I have a function, as described below, where I want to write the same behavior as written in line (1)
with non-temporal store
. Is the usage of _mm_stream_si64
in line (2)
a correct way to reproduce line (1)
?
void func(void *dest, void *src){
(1) *(void **)(dest) = src;
(2) _mm_stream_si64(dest, src);
}
I am not entirely sure I am using _mm_stream_si64
correctly because supposedly it expects __int64
type as a second parameter (_mm_stream_si64(__int64* mem_addr, __int64 a)
). Though for mem_addr
, I hope using void *
should be fine.
Or is there any other intrinsic store I could use?
It's only correct in 64-bit mode, where a void*
is 64-bit. But then yes, that's correct. It's an 8-byte alignment-required store that's strict-aliasing safe (it doesn't care about C types, only bytes of memory, like memcpy but with an alignment requirement.) So it's definitely safe if dst
was correctly aligned to hold a void*
.
Although movnti
with 64-bit operand-size is only available at all in 64-bit mode, so the only time that would compile but be wrong is with gcc -mx32
(32-bit pointers in 64-bit mode.)
You should include a static_assert( sizeof(src) == sizeof(int64_t) )
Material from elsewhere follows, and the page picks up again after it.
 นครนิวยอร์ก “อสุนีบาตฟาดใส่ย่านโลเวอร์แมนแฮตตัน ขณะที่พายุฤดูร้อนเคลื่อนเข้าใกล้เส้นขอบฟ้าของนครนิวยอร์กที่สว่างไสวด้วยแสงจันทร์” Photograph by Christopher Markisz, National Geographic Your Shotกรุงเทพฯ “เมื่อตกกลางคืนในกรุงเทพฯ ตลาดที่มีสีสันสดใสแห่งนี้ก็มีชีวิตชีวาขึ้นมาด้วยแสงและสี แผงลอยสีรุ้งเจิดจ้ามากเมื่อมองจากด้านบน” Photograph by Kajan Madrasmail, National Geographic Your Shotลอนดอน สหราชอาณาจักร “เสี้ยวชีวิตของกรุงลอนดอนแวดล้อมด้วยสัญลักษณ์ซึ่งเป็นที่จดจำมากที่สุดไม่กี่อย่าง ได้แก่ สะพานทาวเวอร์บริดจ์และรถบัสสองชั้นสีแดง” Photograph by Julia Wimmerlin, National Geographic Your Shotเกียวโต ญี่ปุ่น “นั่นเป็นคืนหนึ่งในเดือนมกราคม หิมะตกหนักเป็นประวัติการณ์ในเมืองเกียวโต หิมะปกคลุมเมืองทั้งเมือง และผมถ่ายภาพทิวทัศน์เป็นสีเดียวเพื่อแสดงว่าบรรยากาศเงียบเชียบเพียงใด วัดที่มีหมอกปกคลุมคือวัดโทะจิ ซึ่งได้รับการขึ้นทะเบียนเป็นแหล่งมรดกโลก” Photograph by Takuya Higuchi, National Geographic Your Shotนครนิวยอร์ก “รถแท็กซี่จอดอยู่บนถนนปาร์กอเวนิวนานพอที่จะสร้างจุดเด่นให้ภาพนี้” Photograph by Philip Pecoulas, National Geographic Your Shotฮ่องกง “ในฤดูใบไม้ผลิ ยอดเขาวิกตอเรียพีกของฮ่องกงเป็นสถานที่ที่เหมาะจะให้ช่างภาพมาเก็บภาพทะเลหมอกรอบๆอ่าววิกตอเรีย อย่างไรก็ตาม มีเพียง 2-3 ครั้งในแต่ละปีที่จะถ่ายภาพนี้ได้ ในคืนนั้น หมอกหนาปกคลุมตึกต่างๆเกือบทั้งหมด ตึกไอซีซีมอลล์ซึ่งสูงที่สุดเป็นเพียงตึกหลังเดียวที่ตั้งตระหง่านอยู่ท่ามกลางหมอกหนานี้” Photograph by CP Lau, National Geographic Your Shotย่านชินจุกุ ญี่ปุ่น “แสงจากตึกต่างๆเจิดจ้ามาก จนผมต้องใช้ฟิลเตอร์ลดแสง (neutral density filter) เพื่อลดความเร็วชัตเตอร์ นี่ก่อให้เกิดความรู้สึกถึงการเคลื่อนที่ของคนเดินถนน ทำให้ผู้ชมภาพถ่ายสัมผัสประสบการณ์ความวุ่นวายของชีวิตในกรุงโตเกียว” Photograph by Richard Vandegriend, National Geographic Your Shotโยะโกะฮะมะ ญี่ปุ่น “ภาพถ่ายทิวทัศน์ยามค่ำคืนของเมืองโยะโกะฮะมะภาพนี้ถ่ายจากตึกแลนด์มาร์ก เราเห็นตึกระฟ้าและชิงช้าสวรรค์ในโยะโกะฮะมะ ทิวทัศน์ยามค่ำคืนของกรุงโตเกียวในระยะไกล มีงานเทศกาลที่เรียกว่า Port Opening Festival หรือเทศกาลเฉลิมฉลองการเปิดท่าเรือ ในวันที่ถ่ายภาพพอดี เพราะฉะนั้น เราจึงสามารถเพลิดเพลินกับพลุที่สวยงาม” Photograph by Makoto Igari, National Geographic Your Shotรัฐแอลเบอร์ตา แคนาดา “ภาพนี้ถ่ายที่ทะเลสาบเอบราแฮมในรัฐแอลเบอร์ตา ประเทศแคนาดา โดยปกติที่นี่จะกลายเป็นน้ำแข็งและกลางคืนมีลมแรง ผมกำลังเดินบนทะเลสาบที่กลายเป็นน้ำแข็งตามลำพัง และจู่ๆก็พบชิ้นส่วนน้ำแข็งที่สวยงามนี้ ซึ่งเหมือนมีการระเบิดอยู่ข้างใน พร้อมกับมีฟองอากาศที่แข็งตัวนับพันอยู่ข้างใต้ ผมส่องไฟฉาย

. Or an if(sizeof(src) == 4)
to select _mm_stream_si32
.
Note that NT stores are generally only efficient if you're writing a full line with NT stores (all 64 bytes of a naturally-aligned 64-byte chunk). So a single movnti
will often be worse for performance unless you're calling this or other wrapper functions for each element of a struct or something.